Pyridostigmine is seen as moderately effective in mitigating myasthenia gravis A study of Dutch patients revealed MG symptoms, but they are often accompanied by side effects.
The researchers note that the results do not indicate the need for changes to current guidelines, which recommend the use of pyridostigmine as a first-line treatment for MG.
“Our findings can be used to guide joint decision-making, prior to initiating symptomatic treatment of MG,” the researchers wrote.
Pyridostigmine (sold as Mystinon, among other brand names) is an oral medication often recommended as a first-line treatment for MG. It works by increasing the amount of acetylcholine, a signaling molecule that plays a key role in muscle contraction, and is available to bind to acetylcholine receptors – the most common targets of autoimmune attacks that It disrupts the communication between nerve and muscle in MG.
The treatment has been approved by the US Food and Drug Administration (FDA) since 1955 – before the advent of the modern concept of randomized controlled clinical trials. This is why the evidence supporting its use is largely based on retrospective data and clinical experience.
The researchers say the lack of objective data from well-controlled trials hinders understanding of the treatment’s efficacy and profile of side effects. Furthermore, the true effects of this ‘gold standard’ treatment must be determined in order to compare the efficacy of new and emerging treatments.
The authors sought to provide insight into this issue by comprehensively evaluating the use of pyridostigmine in a representative group of MG patients participating in the Dutch-Belgium Myasthenic Patient Registry.

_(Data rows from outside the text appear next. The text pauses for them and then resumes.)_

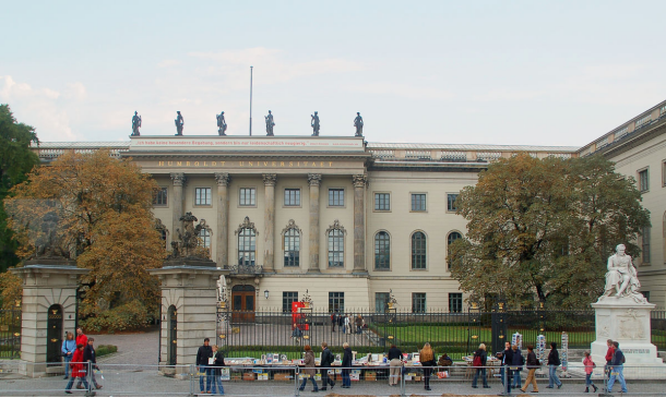 柏林洪堡大学创立于1810年,是蜚声中外的世界顶尖学府,其前身柏林大学,是二次世界大战前的世界学术中心,洪堡大学是世界上第一所将科学研究和教学相融合的新式大学,拥有十分辉煌的历史,被誉为“现代大学之母”,其教研合一、学术自由、教学自由、学习自由的洪堡精神影响了几乎所有现代大学。洪堡大学位于柏林市中心菩提树下大道上,毗邻世界文化遗产博物馆岛、勃兰登堡门和联邦总理府,是德国首都柏林最古老的大学。这所在当时由国家资助、男女合校的高等学府是由普鲁士教育大臣、德国著名学者、著名的教育改革家威廉.冯.洪堡创办。学校产生过29位化学、物理学、医学和文学诺贝尔奖得主,世界第一位诺贝尔化学奖得主即是该校产生。包括爱因斯坦、普朗克、薛定谔、赫兹、亥姆霍兹、冯.诺依曼、拜耳、费希特、谢林、黑格尔、叔本华等都在此任教,马克思、恩格斯、费尔巴哈、海涅和俾斯麦等均在此就读过。罗家伦、宗白华、吕炯、盛彤笙、王淦昌、赵九章、陈寅恪、傅斯年、周恩来、马君武、顾孟余、朱家骅、章伯钧、张君励、俞大维等中国一大批杰出中国留学生在此求学。
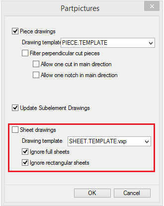 You can generate part drawings for sheathing boards by panels or by structure (if frame is added directly to structure). If you don't need part drawings for full or rectangular sheets, those can be filtered.
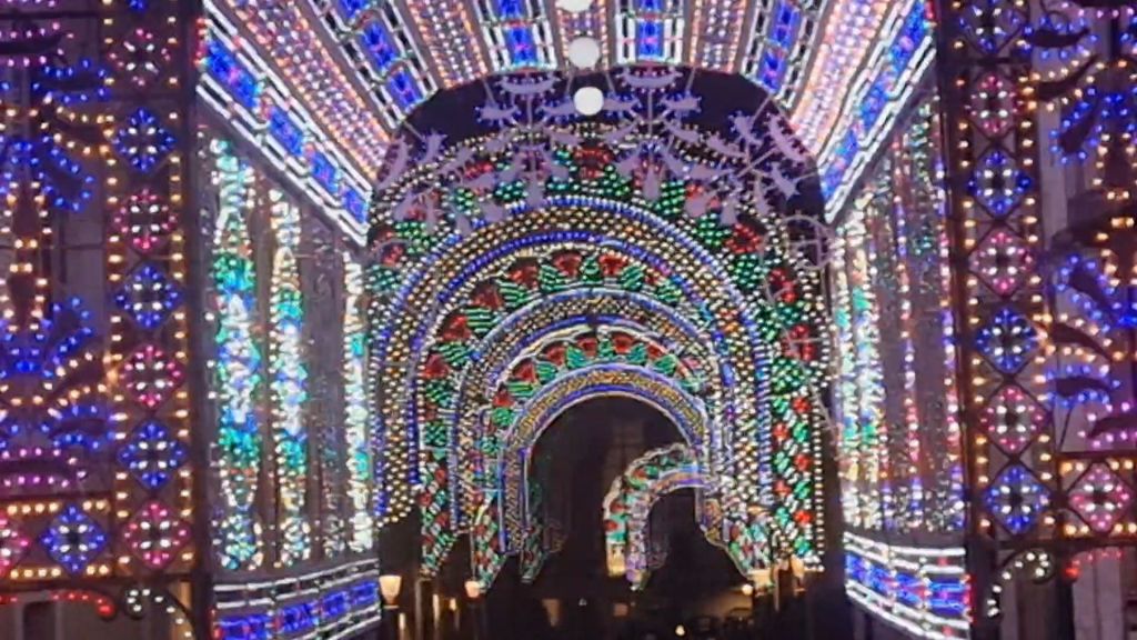 Da kommt auch schon das nächste Feuererk. und es will gar nicht mehr aufhören. Schätzungsweise 20 Minuten lang Feuerwerk! Dann komme alle wieder zurück. Es geht durch die Lichterallee hindurch. Der Domplatz ist nun auch beleuchtet. Es sieht einfach wunderschön aus!
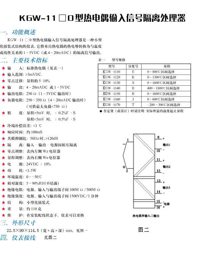 ▲KGW-11□O型热电偶输入信号隔离处理器
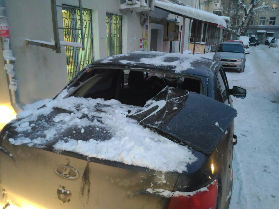 В Челябинске упавшая с крыши глыба льда разбила машину, в которой находились взрослый и ребенок
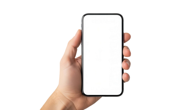 Blank smartphone screen held by hand, minimalist design, transparent background for easy editing and graphic integration
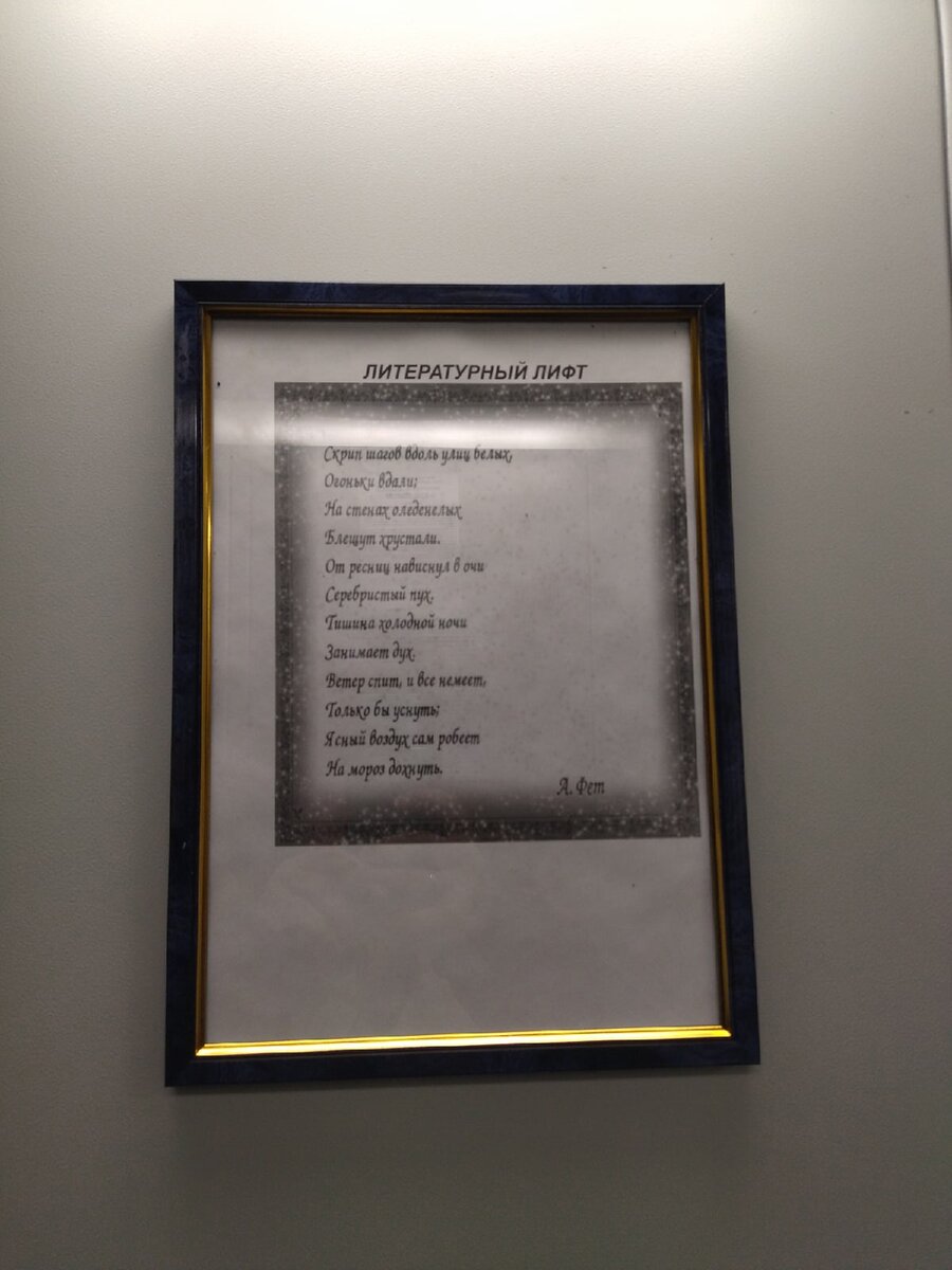Приятно, когда жители демонстрируют высокую культуру. Уютная новость с улицы Маршала Жукова. Там в доме №4 на новозапущенном лифте появилось стихотворение Афанасия Фета «Скрип шагов вдоль улиц белых» в деревянной рамке. Человек, который его повесил, указал, что теперь этот лифт является литературным. Чтобы вы не ломали глазки, приведем вам текст стихотворения в печатном виде: Скрип шагов вдоль улиц белых, Огоньки вдали; На стенах оледенелых Блещут хрустали. От ресниц нависнул в очи Серебристый пух, Тишина холодной ночи Занимает дух. Ветер спит, и всё немеет, Только бы уснуть; Ясный воздух сам робеет На мороз дохнуть. Произведение было написано в 1858 году, но и сейчас приятно дополняет атмосферу русской зимы, которая уже на носу. Ладно, давайте заодно небольшой экскурс в персоналию проведем, раз уж собрались вместе по поводу Фета. В 14 лет Афанасий Афанасьевич лишился дворянского титула, так как было установлено, что брак его родителей оформлен уже после рождения ребенка. Будучи уже вз

Participants were asked to fill out an online questionnaire regarding their use of pyridostigmine, their perceived effectiveness of treatment, and any side effects they experienced.
Of the 391 patients who completed the entire survey, 61% were currently using pyridostigmine, 37% had previously used the drug but had since stopped using it, and 2% had never used it.
“We show that nearly all MG patients have used pyridostigmine at some point in their disease,” the researchers wrote.
Most of them used a higher dose
Of the current users, 165 people (65%) reported having used a higher dose in the past. The most common reasons for reducing the dose were that a higher dose was no longer needed (43%), followed by side effects (25%), and the higher dose was not effective (17%).
Common reasons for stopping treatment were that it was ineffective (38%), or that it was unnecessary because another treatment was started (34%). About a quarter (26%) of patients discontinued its use due to side effects. Medications have been used to help control the side effects of pyridostigmine in 20% of all patients.
Patients rated the effectiveness of pyridostigmine on a scale ranging from 0 (no therapeutic effect) to 100 (complete resolution of all symptoms). The average overall effectiveness was 60 out of 100, with patients currently using pyridostigmine finding the treatment to be more effective than those who stopped using it.
By individual symptoms, fatigue was the least responsive to treatment in both groups.
In the current use group, 55% of participants reported that the effects of treatment did not change over time, compared to 21% of those who stopped treatment. For patients who discontinued pyridostigmine, 23% said the initial effect was good but diminished over time, while 12% said increased doses were required over time to achieve the same effect.
Most patients using pyridostigmine (91%) said they had experienced side effects in the past week, compared to 54% who stopped taking it or never used it. Side effects, including gastrointestinal problems, urinary urgency, muscle cramps, blurred vision, sweating, drooling, light-headedness, and flu-like symptoms were more common among current pyridostigmine users than other survey participants.
Unpleasant side effects
Among current users, the number of side effects was related to the dose of the drug. Diarrhea was the most common reason for stopping or decreasing the dose of pyridostigmine.
Taking into account the perceived benefits and side effects, patients reported an average net benefit of pyridostigmine from 65 on a scale from 0 (“I felt much worse”) to 100 (“I felt much better”), with current users reporting an average of 73. , and discontinued users with an average of 49.
Final statistical analyzes indicated that patients with a tyrosine kinase (MuSK) antibody were more likely to discontinue pyridostigmine, consistent with previous findings that pyridostigmine was less effective and had more side effects in patients with this type of musk. MG-causing antibodies.
Male users were more likely to discontinue treatment than females, the researchers wrote, “which may be explained by the fact that female patients often have severe or refractory MG and male patients appear to respond better to standard care than female patients.”
Female patients frequently reported side effects, including fatigue, sweating, abdominal cramps, hot flashes, and irregular heartbeat.
Overall, the study results indicate that the net benefit from pyridostigmine is moderate, and that side effects are frequent.
“Remarkably, only a small number of patients experienced a very good effect of pyridostigmine on their symptoms,” the researchers wrote. “However, pyridostigmine remains a readily available drug at low cost with very favorable long-term safety properties.”
The researchers developed a patient-friendly handout summarizing the results that they say can be distributed when a prescription for pyridostigmine is given.